After feeling so full yesterday, in the evening the feeling diminished quite a bit. So I'm hopeful that even if the surgery hasn't meant the fullness has gone forever, I may at least have some good days where eating is easier. I'm not sure why I had a couple of bad days when I did, or why yesterday evening was better. But overnight my stoma produced far more output than normal. Usually I empty one or two times in the evening (each time when the bag is half full), then while I'm asleep another half bag will come out, which I empty first thing in the morning. Yesterday I emptied twice in the evening, as normal, but then when I woke up this morning the bag was completely full, practically bursting. Not water either, semi-solid output as it's supposed to be. I would say that getting that out was what stopped me feeling full, but the fullness diminished prior to that. Unless perhaps the fullness went when all that waste moved to a different part of my digestive system. :confused2:

At the moment I usually eat four meals: breakfast is a normal size, then a small lunch, a small meal for tea late afternoon/early evening, then a small supper before bed. Midmorning and mid-afternoon I'll have a calorific drink (e.g. Ensure, hot chocolate, milk). Sometimes a drink in the evening too. Then throughout the day I'll usually have some fruit juice, some Coke, and often I'll pick at some chocolates or sweets as well. 

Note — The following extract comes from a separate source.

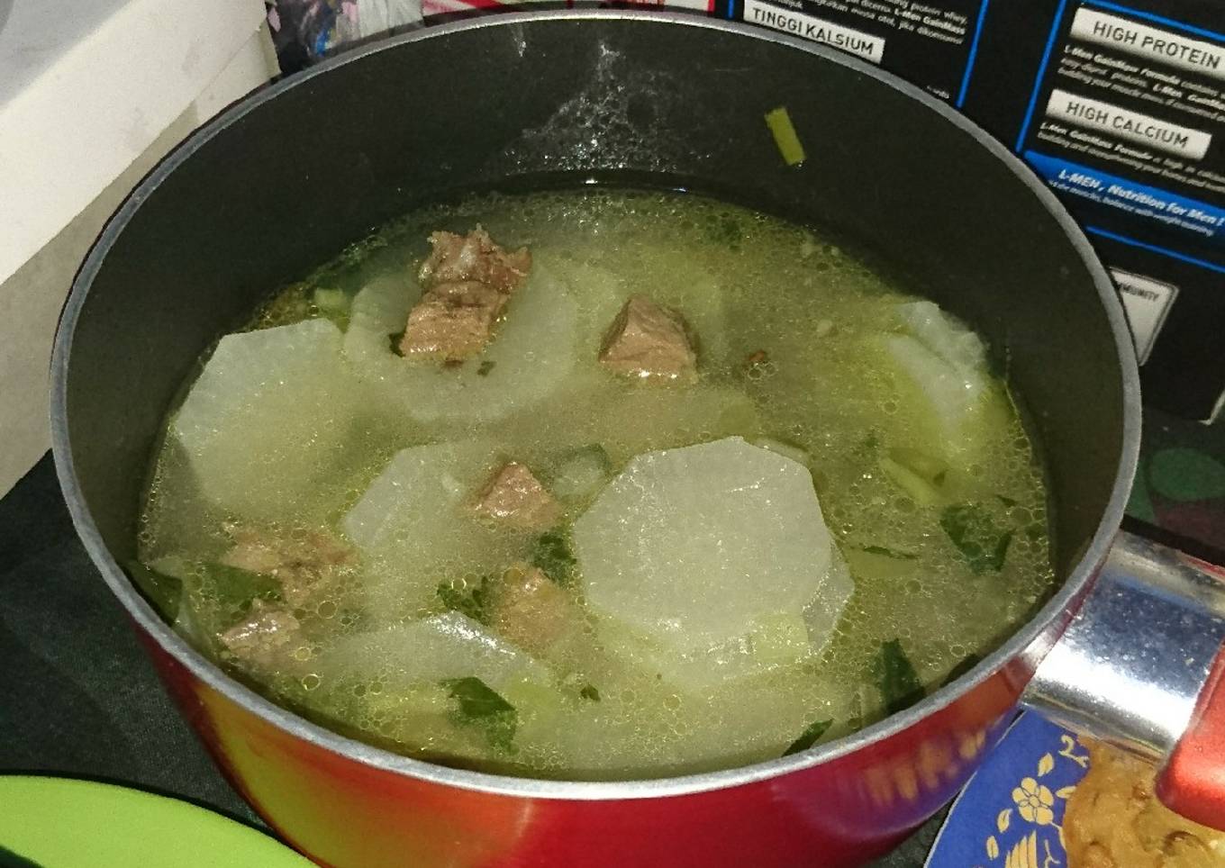 - Masukkan potongan daging dan lobak, tambahkan garam, gula, royco, bawang daun, dan seledri, kemudian cek rasa

But lately I have found that not eating quite so frequently can actually help me. If I have nothing for a few hours, when I do come to have a meal, I'm physically and mentally more inclined to eat. If I don't, I often get the feeling that I'm just constantly eating, and want a break from it.

Along with feeling so full from gastroparesis, I also need more calories than someone of my height, weight, etc. should need in order to gain weight, so I'm having to eat a lot.

Have you found anything (medication) that helps with the fullness? Do you force yourself to eat when you're full?


----------



## juggys69

Nope, like I said, my stomach dislikes the meds as well even.

 As for forcing myself, yeah, pretty much, I know I have to eat something when I've gone to long even if I'm not inclined to do so.


----------



## UnXmas

juggys69 said:


> I know, I know, it sounds like an old wives tale or an urban legend, but its not.
> 
> Here's what you do, do as you said, throw a couple of rusty spark plugs in there as well, now do a second one with any other cola, make it Pepsi I guess since thats Cokes main competitor, cover the buckets and come back a week later. The Coke ones will gave eaten the rust and cleaned the parts, the other cola will have done nothing.
> 
> Another interesting fact about Coke, its original formula contained real cocaine, this was before it was known that it was a narcotic, you can google that, its historical fact, no wonder those old people used to get up and start dancing after drinking one !


Yesterday I had no Coke at all. I drank some orange juice instead.


----------



## juggys69

UnXmas said:


> Yesterday I had no Coke at all. I drank some orange juice instead.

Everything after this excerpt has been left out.